Exercise description →
In your copy of the data below, reproduce every entry exactly and omit the pictures.

Exercise inputs →
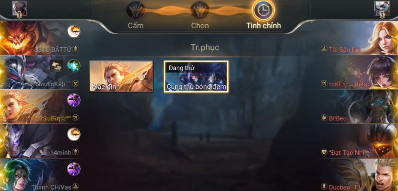 - Quá trình cấm sẽ bắt đầu khi tìm trận đấu thành công và 10 người chơi nhấn sẵn sàng.
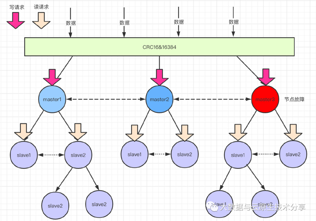 假如下图中红色的节点故障了,此时master3下面的从节点会通过 选举 产生一个主节点。替换原来的故障节点。
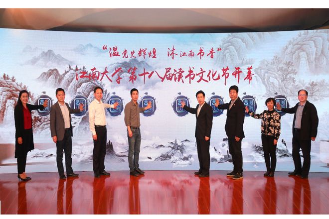 最后,领导们上台共同启动“温党史辉煌 沐江南书香”江南大学第十八届读书文化节,将本次活动推向高潮。
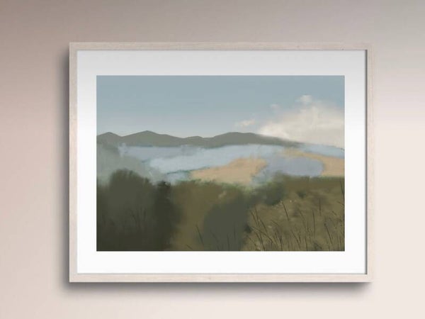 Materiaal: print met passe-partout, zwarte houten kader met glas
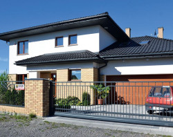 Budynek usytuowano na działce w taki sposób, aby przed frontem powstał wąski ogródek, natomiast za domem możliwie największa strefa wypoczynkowa. Dlatego właściciele wybrali projekt z cofniętym garażem. Szeroka samonośna brama przesuwna ułatwia wjazd samochodami na działkę z wąskiej ulicy

Exercise output →
 - Quá trình cấm sẽ bắt đầu khi tìm trận đấu thành công và 10 người chơi nhấn sẵn sàng.
 假如下图中红色的节点故障了,此时master3下面的从节点会通过 选举 产生一个主节点。替换原来的故障节点。
 最后,领导们上台共同启动“温党史辉煌 沐江南书香”江南大学第十八届读书文化节,将本次活动推向高潮。
 Materiaal: print met passe-partout, zwarte houten kader met glas
 Budynek usytuowano na działce w taki sposób, aby przed frontem powstał wąski ogródek, natomiast za domem możliwie największa strefa wypoczynkowa. Dlatego właściciele wybrali projekt z cofniętym garażem. Szeroka samonośna brama przesuwna ułatwia wjazd samochodami na działkę z wąskiej ulicy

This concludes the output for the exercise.